Metadata-Version: 2.4
Name: metaflow-serverless
Version: 0.2.1
Summary: Run the Metaflow metadata service on serverless Postgres — no always-on servers
License-File: LICENSE
Requires-Python: >=3.10
Requires-Dist: aiohttp>=3.9
Requires-Dist: asyncpg>=0.29
Requires-Dist: click>=8.1
Requires-Dist: httpx>=0.27
Requires-Dist: pyyaml>=6.0
Requires-Dist: questionary>=2.0
Requires-Dist: rich>=13.0
Provides-Extra: dev
Requires-Dist: mypy>=1.10; extra == 'dev'
Requires-Dist: pytest-asyncio>=0.23; extra == 'dev'
Requires-Dist: pytest-cov>=5.0; extra == 'dev'
Requires-Dist: pytest-mock>=3.12; extra == 'dev'
Requires-Dist: pytest>=8.0; extra == 'dev'
Requires-Dist: respx>=0.21; extra == 'dev'
Requires-Dist: ruff>=0.4; extra == 'dev'
Description-Content-Type: text/markdown

# metaflow-serverless

[![CI](https://github.com/npow/metaflow-serverless/actions/workflows/ci.yml/badge.svg)](https://github.com/npow/metaflow-serverless/actions/workflows/ci.yml)
[![PyPI](https://img.shields.io/pypi/v/metaflow-serverless)](https://pypi.org/project/metaflow-serverless/)
[![License: Apache-2.0](https://img.shields.io/badge/License-Apache_2.0-blue.svg)](LICENSE)
[![Python 3.10+](https://img.shields.io/badge/python-3.10+-blue.svg)](https://www.python.org/downloads/)

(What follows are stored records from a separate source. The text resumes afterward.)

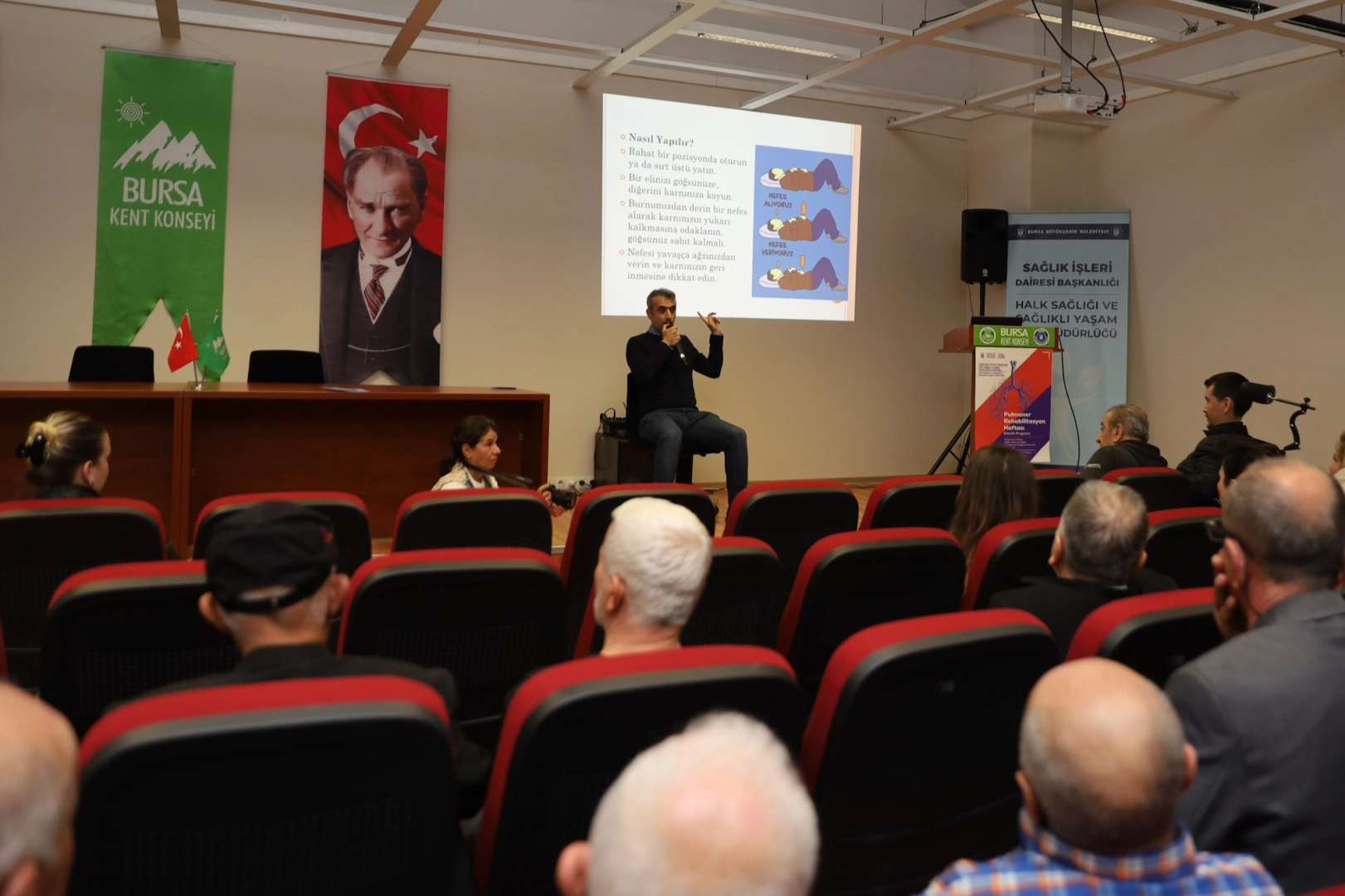 Sağlıklı insan ve sağlıklı kent mottosuyla çalışmalarını sürdüren Bursa Büyükşehir Belediyesi, Pulmoner Rehabilitasyon Haftası kapsamında bir dizi etkinlik düzenledi. İnsan Kaynakları ve Eğitim Dairesi Başkanlığı’na bağlı Personel Geliştirme Şube Müdürlüğü ve Sağlık İşleri Dairesi Başkanlığı’na bağlı Halk Sağlığı ve Sağlıklı Yaşam Şube Müdürlüğü ile Evde Bakım ve Ambulans Hizmetleri Şube Müdürlüğü tarafından hazırlanan program, Merinos Atatürk Kongre ve Kültür Merkezi’nde gerçekleştirildi. Kronik solunum hastalıklarıyla mücadele etmek amacıyla düzenlenen seminerde, solunumun önemi ve doğru solunum tipleri konularında detaylı bilgiler verildi. Fiziksel aktiviteyi artırmayı sağlayacak ve hastalığın ortaya çıkaracağı kısıtlamalarla başa çıkmaya yardımcı olacak solunum egzersizleri de uygulamalı olarak gösterildi.
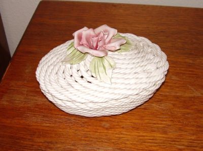 Title (ebay affiliate link): VINTAGE CAPODIMONTE LIDDED BASKET WEAVE TRINKET BOX PINK ROSE ITALY
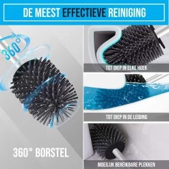 Jouw toiletborstel is voorzien van een antislip handvat en biedt jou een comfortabele grip tijdens het schoonmaken. De silicone borstelharen zorgen voor een snellere en betere reiniging van het toilet en voorkomen ongewenste krasjes. Daarnaast is de houder extra stabiel en stevig ontworpen zodat jouw toiletborstel nooit meer om zal vallen.
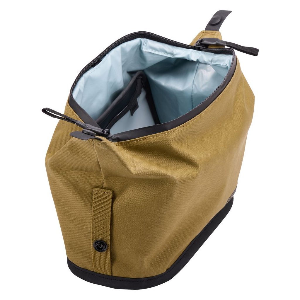 Voděodolná voskovaná tkanina a hypalonové dno chrání obsah i ve vlhkém prostředí. Široké strukturované otevírání zajišťuje okamžitý přehled a potažený vnitřek umožňuje snadné čištění. Recyklované materiály a certifikace bluesign® potvrzují šetrný přístup k životnímu prostředí.
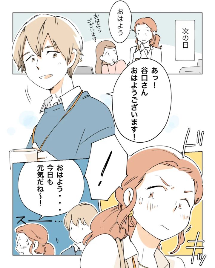 加賀谷くんに告白された次の日。出社すると「あっ!谷口さんおはようございます!」と加賀谷くんに挨拶され思わずドキッ!「おはよう・・・今日も元気だね~!」と返したものの、目を合わせられずそそくさと加賀谷くんの前を通り過ぎた。

Serverless Metaflow metadata service — free-tier Postgres, zero setup.

## The problem

Running Metaflow beyond your laptop means standing up a metadata service, a database, and object storage — typically on AWS, with always-on costs and hours of infra setup. For indie developers and small teams, that overhead kills momentum before the first experiment runs.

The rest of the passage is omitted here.